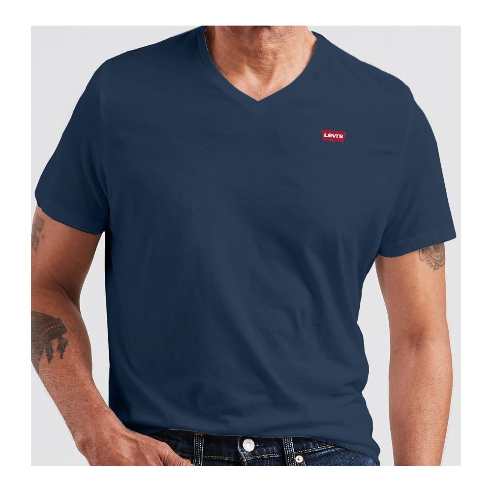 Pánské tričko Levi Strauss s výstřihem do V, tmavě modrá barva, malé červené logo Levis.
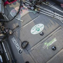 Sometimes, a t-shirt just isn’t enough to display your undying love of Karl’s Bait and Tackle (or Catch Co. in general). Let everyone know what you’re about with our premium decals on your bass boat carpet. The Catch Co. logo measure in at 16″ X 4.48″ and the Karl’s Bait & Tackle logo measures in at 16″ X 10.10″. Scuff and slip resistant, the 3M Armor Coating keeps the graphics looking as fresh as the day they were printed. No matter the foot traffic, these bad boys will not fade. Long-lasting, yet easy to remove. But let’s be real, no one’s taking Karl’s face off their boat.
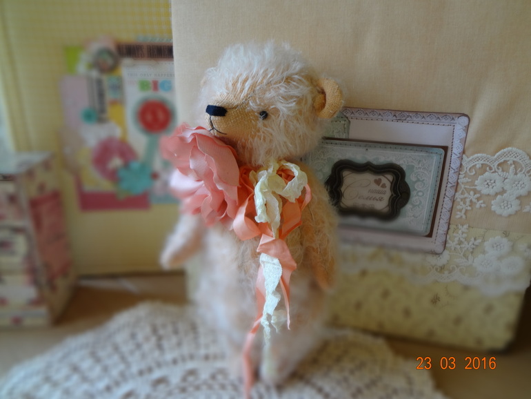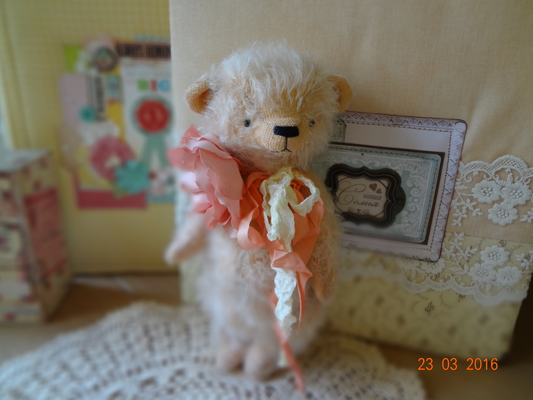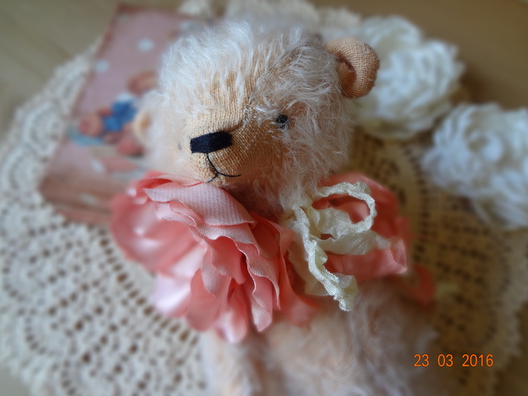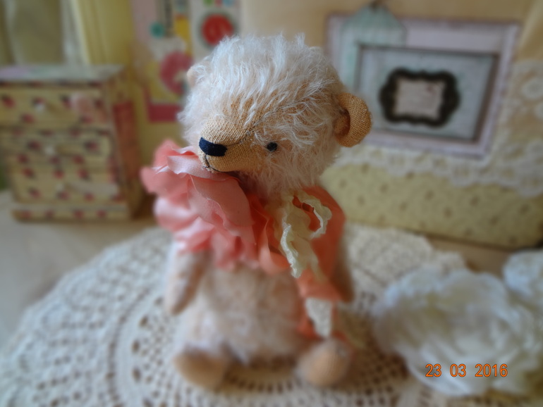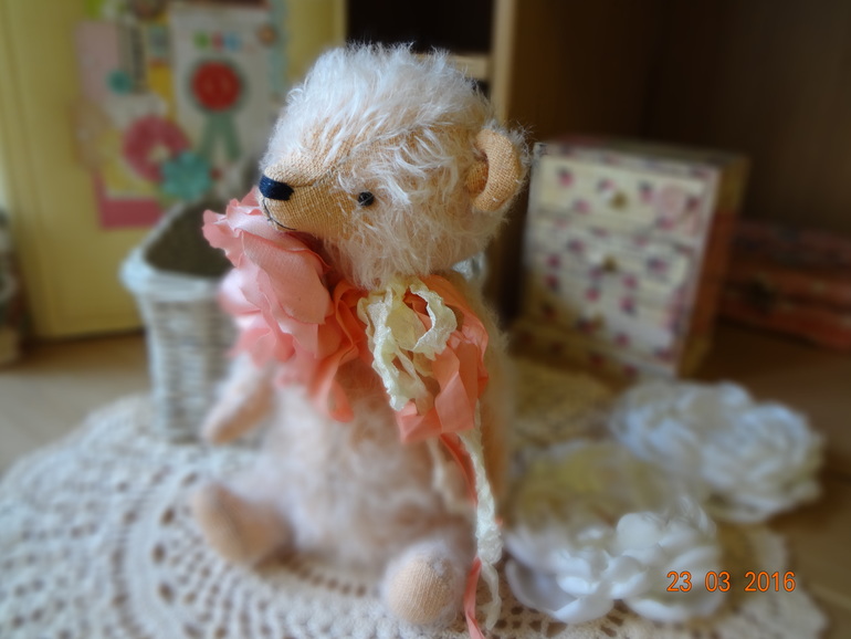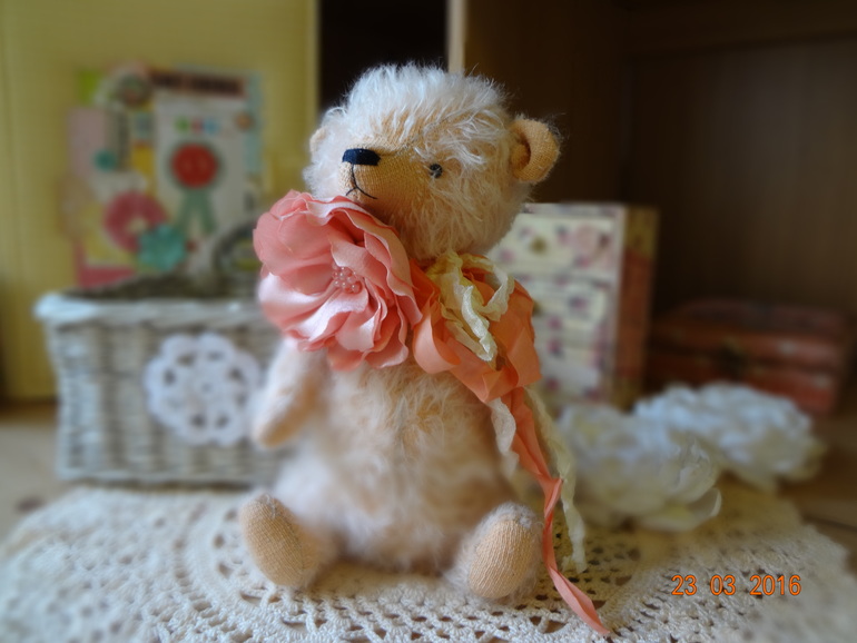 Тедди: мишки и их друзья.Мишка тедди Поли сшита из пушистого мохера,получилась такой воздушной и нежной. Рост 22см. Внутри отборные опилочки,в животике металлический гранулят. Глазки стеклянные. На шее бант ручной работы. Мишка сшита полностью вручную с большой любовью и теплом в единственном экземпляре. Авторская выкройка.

### Task goal
Make an exact copy of the lines from the top of the material through the line with "Sometimes, a t-shirt", pictures excluded.

### Task output
 Pánské tričko Levi Strauss s výstřihem do V, tmavě modrá barva, malé červené logo Levis.
 Sometimes, a t-shirt just isn’t enough to display your undying love of Karl’s Bait and Tackle (or Catch Co. in general). Let everyone know what you’re about with our premium decals on your bass boat carpet. The Catch Co. logo measure in at 16″ X 4.48″ and the Karl’s Bait & Tackle logo measures in at 16″ X 10.10″. Scuff and slip resistant, the 3M Armor Coating keeps the graphics looking as fresh as the day they were printed. No matter the foot traffic, these bad boys will not fade. Long-lasting, yet easy to remove. But let’s be real, no one’s taking Karl’s face off their boat.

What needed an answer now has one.